Looking at your phone, you roll your eyes and take a big sigh before answering it because you know the person on the other end is about to drain you of all of your energy and send your emotions into a downward spiral. The person on the other end is probably calling to complain about something they have no desire to change, ask for a favor, or bombard you with their pessimism. But, you answer the call and maintain the relationship, despite the trail of misery that follows that person. This is a toxic relationship!
Most toxic relationships are never identified because it’s believed that toxic relationships are limited to couples in romantic relationships and synonymous with abusive relationships. Any interaction where two people have a connection or regular involvement is a relationship. This includes family, friends and colleagues, which means any personal or professional may become toxic. A toxic relationship is an unbalanced connection where various forms of manipulation are used to influence or control the relationship dynamics. Identifying non-romantic toxic relationships is challenging because most think of abuse when they hear toxic. Here are three toxic relationship identifiers.

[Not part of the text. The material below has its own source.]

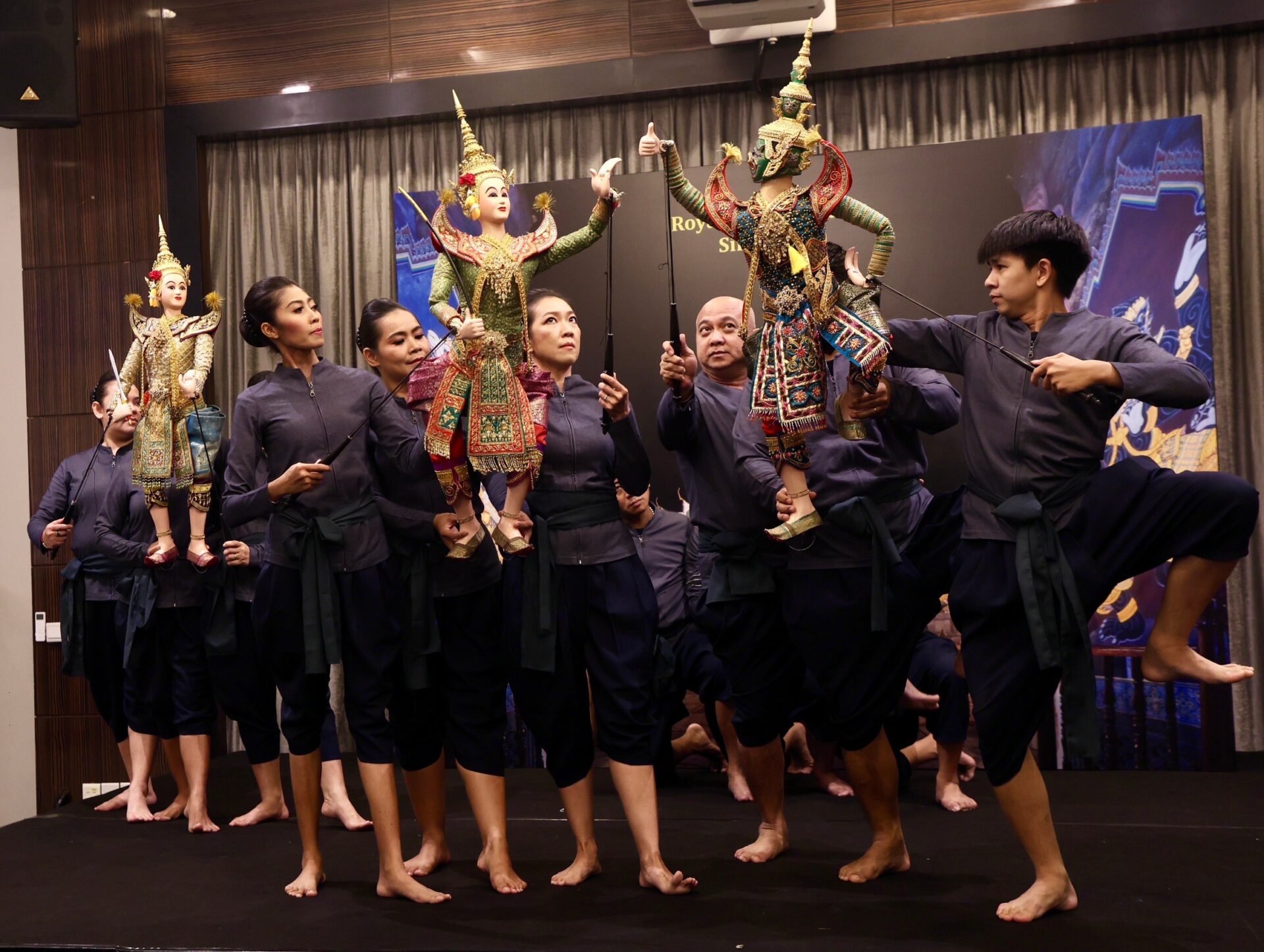 งานเฉลิมฉลองสะกดสายตาทุกคู่ด้วยการแสดงหุ่นละครเล็กจากโรงละครอักษรา สุดวิจิตรตระการตา เรื่องรามเกียรติ์ ตอน”ยกรบ” สนับสนุนโดยการท่องเที่ยวแห่งประเทศไทย (ททท.) ลีลาความเคลื่อนไหวของหุ่นเสมือนมีชีวิตเป็นหนึ่งเดียวกับผู้เชิด ซึ่งต้องใช้ผู้เชิดหุ่น 3 คนต่อหุ่นหนึ่งตัว ไม่เพียงสร้างความประทับใจให้แก้ผู้ชมเท่านั้น แต่สะท้อนถึงมรดกทางวัฒนธรรมอันทรงคุณค่าผ่านศิลปะการแสดงอันเป็นเอกลักษณ์ของไทย อีกทั้งได้ดื่มด่ำรูปภาพศิลปะไทย ภาพถ่ายประวัติศาสตร์การเสด็จประพาสสิงคโปร์ของรัชกาลที่ 4 5 6 7 และรัชกาลที่ 9 ภาพจิตรกรรมฝาผนังขนาดใหญ่พระนารายณ์ทรงครุฑ สัญลักษณ์สื่อถึงพระมหากษัตริย์เสด็จฯ ไปยังสถานที่ต่างๆ รังสรรค์โดยปัญญา วิจินธนสาร ศิลปินแห่งชาติผู้เลื่องชื่อ ทั้งยังมีภาพอื่นๆ อีกมากที่ประดับตกแต่งภายใน ตลอดจนศาลาไทยทรงจตุรมุขงามสง่าตามสถาปัตยกรรมไทยขั้นสูงสุดในพื้นที่แห่งนี้

Obligation – Genuine relationships come without clauses and contingencies. A person that contributes to the relationship will not consistently remind you of what they have done for you as a reason why you should return a favor. Obligation may also include guilt. For example, you would have never gotten that contract, but now I’m about to lose my job because you won’t let me use your car. A relationship should be mutually beneficial, not driven by favors.
Lack of accountability – You have the right to voice how you feel about situations that involve you. In a toxic relationship, the blame game is prevalent. No matter what you say or do, the person you are in an interaction with will deflect the issue and find a way to hold you at fault, without acknowledging their wrongdoing. As an example you say, you forget to sit the trash outside. They respond you act like you’re perfect. If you raise a concern, the response should never be countered with what you have done in the past.

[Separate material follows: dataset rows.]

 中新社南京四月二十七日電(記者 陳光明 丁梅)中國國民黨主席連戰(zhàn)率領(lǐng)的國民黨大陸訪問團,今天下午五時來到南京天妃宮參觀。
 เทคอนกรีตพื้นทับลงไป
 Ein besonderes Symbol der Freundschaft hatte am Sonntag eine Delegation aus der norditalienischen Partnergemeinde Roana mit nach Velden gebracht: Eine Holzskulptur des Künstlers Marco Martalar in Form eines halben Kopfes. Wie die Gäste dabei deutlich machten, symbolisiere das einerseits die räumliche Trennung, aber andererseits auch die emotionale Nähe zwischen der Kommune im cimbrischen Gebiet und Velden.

Negative disposition – When you have good news, you want the people closest to you know because they want to celebrate with you. In a toxic relationship, a person will always find a way to bring you down and minimize your success no matter how monumental your accomplishment may be by complaining about their situation, finding negativity in your news, or simply deciding not to support you. A negative disposition will drain your energy and cause you to doubt your own accomplishments.
If you are doing more to maintain a relationship than you are enjoying it, then chances are it’s a toxic and you should let the relationship go before it kills your passion, pride or purpose.